As for “getting in the frame” I didn’t use my own camera, but did finally ask my husband to grab one of the kids and I together with his cellphone so they would see that “I was there too.”

And like many I wasn’t thrilled with a photo of myself, but when my children are older and look at the photos, they won’t see what I see. They’ll simply see their mama. Or at least I hope.

For our next trip I’ll try more of Liz’s suggestions of trying different perspective and switching up with lenses, even though right now I’m only carrying around two.

 

Mom guilt is the best

I totally pulled the grandma-wouldn’t-want-you-to-do that card this week.

Totally.

Little Miss is in a mean phase.

At least I hope it’s a phase.

When she wants to sit somewhere her brother is sitting she shoves him until he moves. When she wants what her brother has she takes it.  When she wants to play with his Legos she tries to shove him out of the way so she can stand at his Lego table.

She doesn’t do this with other children. Only her brother. 

He’s eight years older than her. She doesn’t care. The age gap doesn’t intimidate her.

She is a bully.

I’ve been reading articles and wracking my brain how to teach her not to be mean. So far it’s been time outs and long talks asking her how she’d feel if her brother was mean to her instead.

But the other night I changed my strategy, one my own mother has been grooming me for since I was born.

I used mother guilt.

I knew it would all be worth it one day.

My son was hugging me at bedtime, laying across me, and his sister didn’t want him to hug me so she stuck her toes in his armpits and pushed hard with her foot, trying to dislodge him.

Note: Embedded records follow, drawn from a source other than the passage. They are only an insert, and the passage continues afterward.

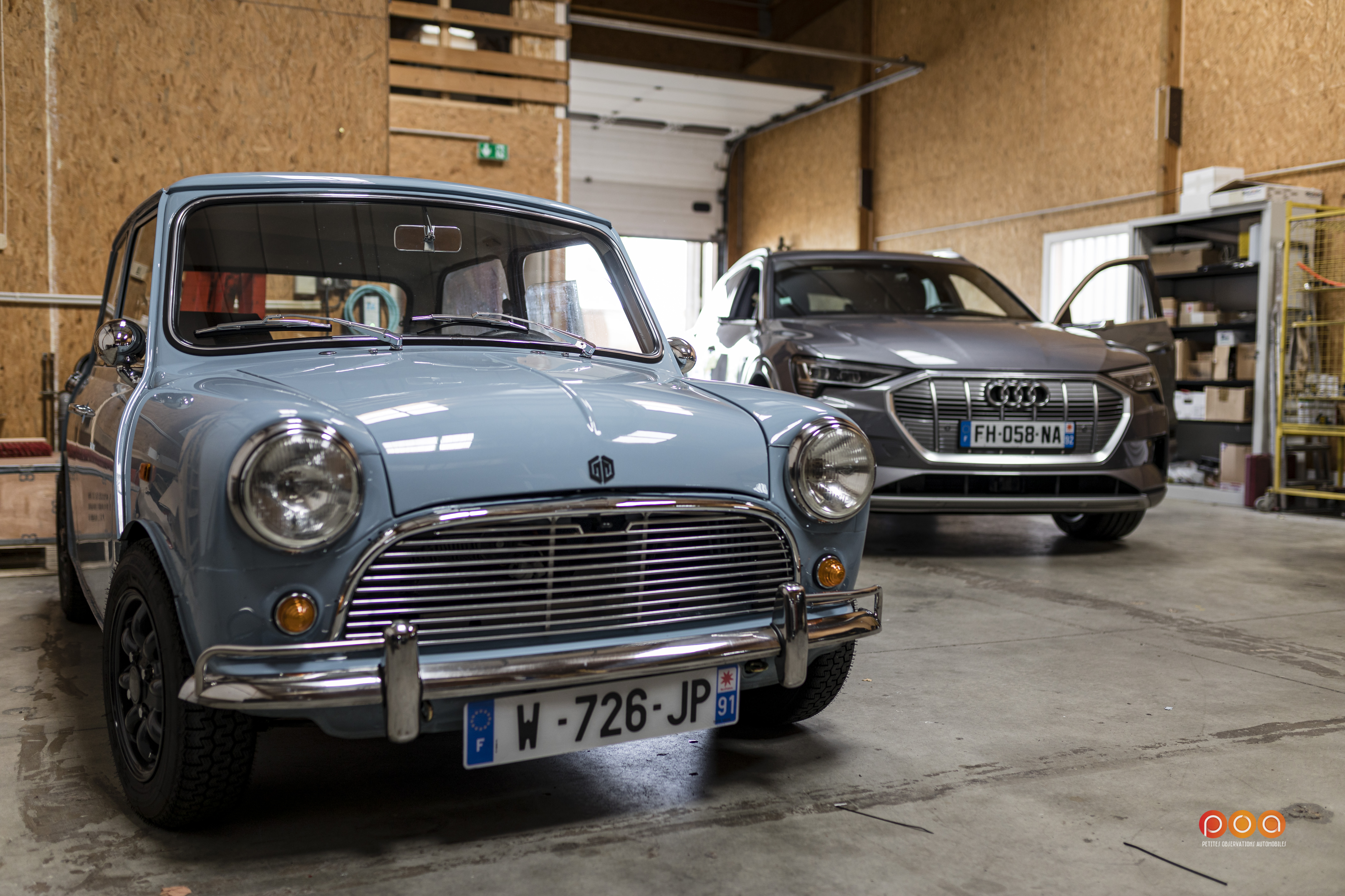 Nous entendons déjà les puristes s’époumoner à dire que l’esprit de la Mini originelle n’est pas respectée avec ce retrofit électrique qui touche en plus à l’intérieur avec une planche de bord en chêne massif: tout d’abord il faut savoir que ces Mini ont suivi un cycle d’homologation ayant mené les deux compères et leur Mini à Chamonix sous la neige comme n’importe quelle autre voiture et sont donc tout à fait aptes à rouler, et elles sont par ailleurs produites à quelques unités au départ…
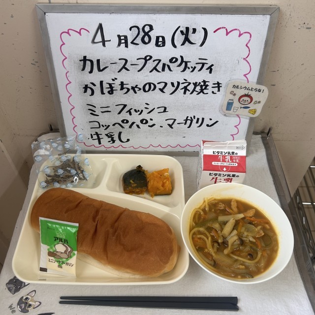 今日の給食の献立は『カレースープスパゲッティ、かぼちゃのマリネ焼き、ミニフィッシュ、コッペパン、マーガリン、牛乳』でした。
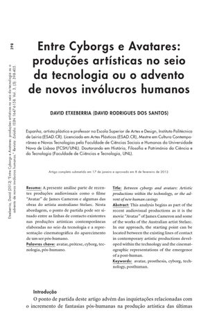 tes produções audiovisuais como o filme “Avatar” de James Cameron e algumas das obras do artista australiano Stelarc. Nesta abordagem, o ponto de partida pode ser situado entre as linhas de contacto existentes nas produções artísticas contemporâneas elaboradas no seio da tecnologia e a representação cinematográfica do aparecimento de um ser pós-humano. Palavras chave: avatar, prótese, cyborg, tecnologia, pós-humano.
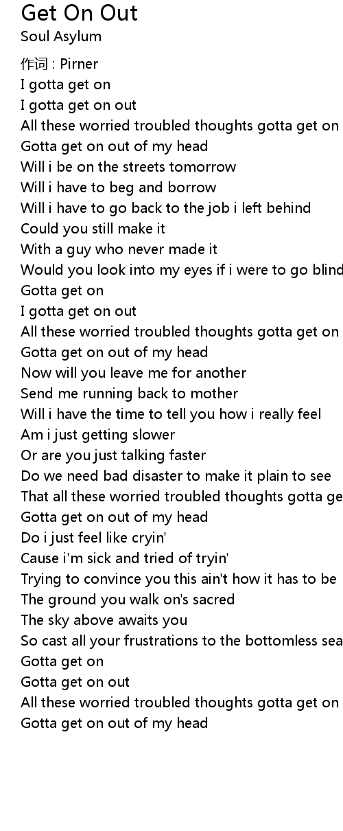 | That all these worried troubled thoughts gotta get on out of my head | |
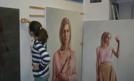 Aż trudno uwierzyć, że malarka, która tworzy obrazy na dużych formatach, zajmuje tak małe pomieszczenie. Bym mógł wejść do środka, artystka musi wycofać się w głąb pokoiku. Przeciskam się więc między framugą a obrazami i oto nagle staję na środku tej...

That’s when brilliance struck. I felt very proud of myself when I said:  “Oh my, this would make Grandma so sad. She thinks you are just the sweetest little girl and if she saw you being mean to your brother she would be so disappointed and so sad.”

She continued to push but was watching me and I could tell she was thinking.

 “She would. She says you’re so sweet and your brother loves you…she’d just be upset.”

 “Grandma? She’d be upset?” She asked. Her legs weren’t pushing as hard now. “With me?”

 “Sad, yes,” I said. “Not mad, but very disappointed and sad.”

She took her toes out of his armpits and lowered her legs.

“Oh my! Grandma would be upset at me! She’d be sad!”

She turned to her brother.

“Grandma is upset at me! She sad!”

The mother guilt was getting a little out of hand so I reassured her Grandma would be happy now because she had stopped being mean to her brother.

“Oh. Okay.”  She said, hesitantly relieved. 

I’m quite pleased my tactic worked.

For now.

I may not be as happy when the therapy bills start coming in though.

However, none of my therapy bills were related to my mom’s superior mom guilt so I think it will be okay.